PROVIDED MATERIAL.
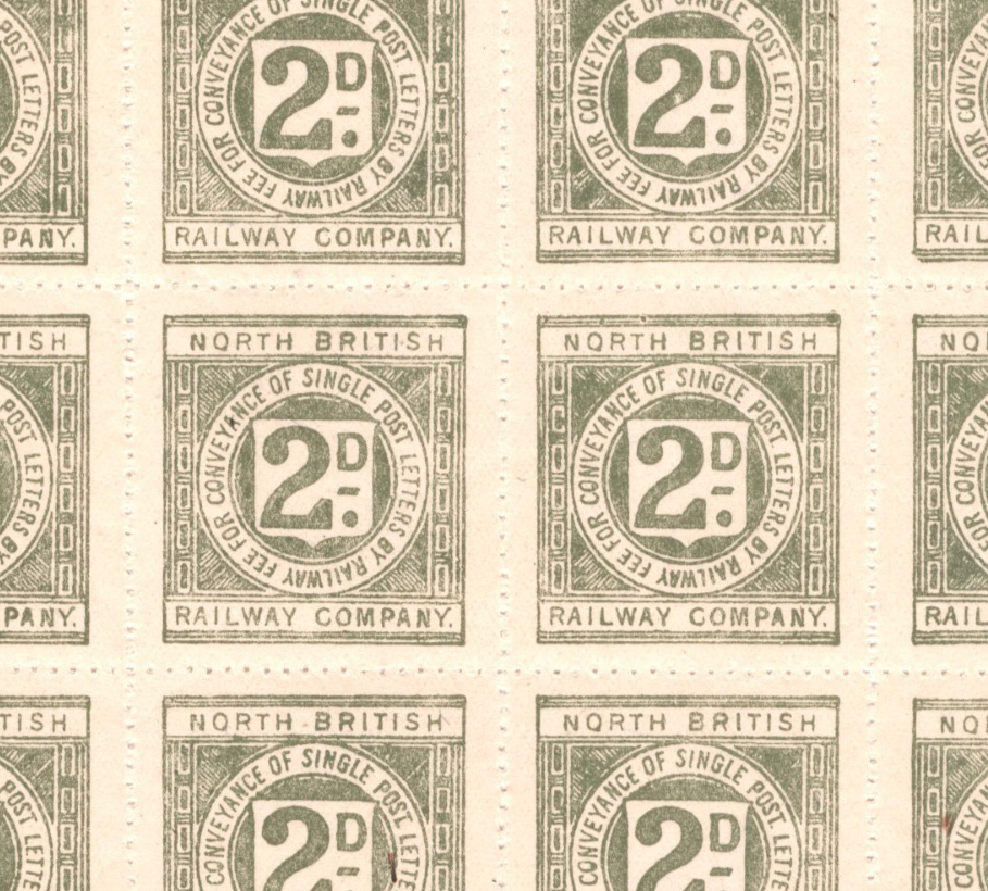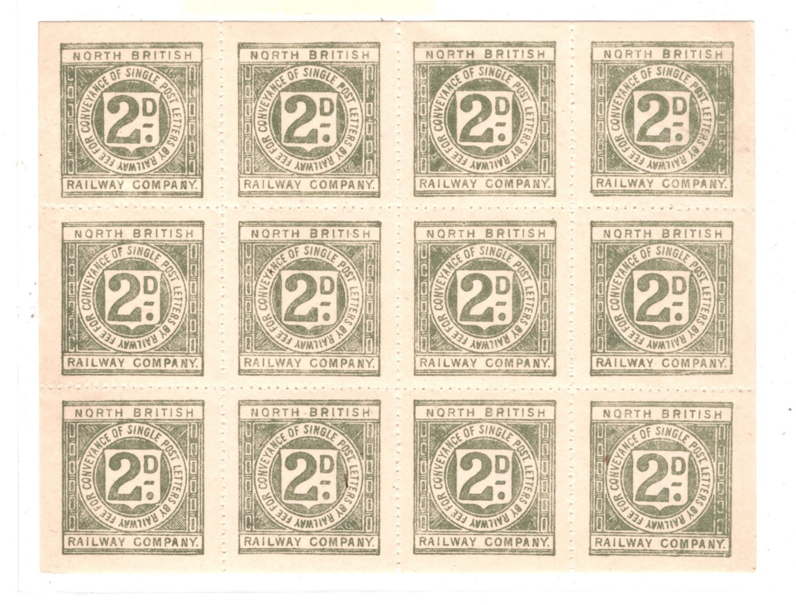 GB Scotland NORTH BRITISH RAILWAY Letter Stamp 2d Grey-Green *FULL SHEET* RS51
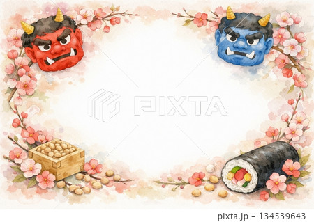 水彩風の節分イラスト(赤鬼・青鬼・恵方巻き・豆と梅の背景)
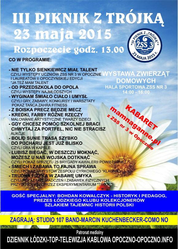 Zespół Szkół Samorządowych nr 3 zaprasza na III Piknik Rodzinny z Trójką, który odbędzie się 23. maja 2015 roku.
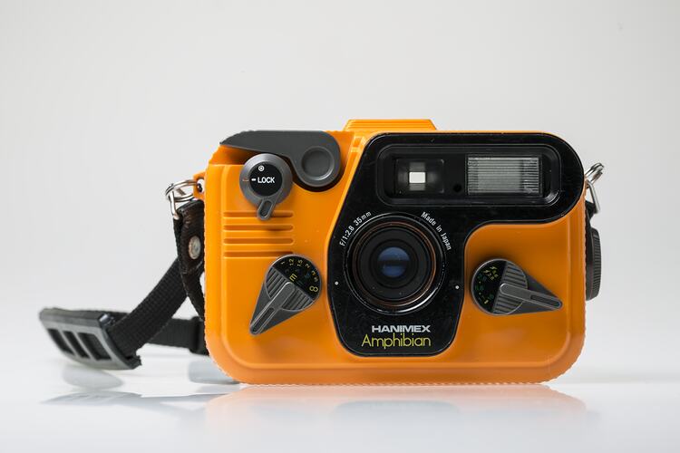 Amphibian 35mm underwater camera with 35mm, 2.8 lens, distributed by Hanimex, circa 1983.

YOUR GOAL.
The entire listing above, minus its pictures, should be copied out exactly.

OUTPUT OF THE EXERCISE.
 GB Scotland NORTH BRITISH RAILWAY Letter Stamp 2d Grey-Green *FULL SHEET* RS51
 水彩風の節分イラスト(赤鬼・青鬼・恵方巻き・豆と梅の背景)
 Zespół Szkół Samorządowych nr 3 zaprasza na III Piknik Rodzinny z Trójką, który odbędzie się 23. maja 2015 roku.
 Amphibian 35mm underwater camera with 35mm, 2.8 lens, distributed by Hanimex, circa 1983.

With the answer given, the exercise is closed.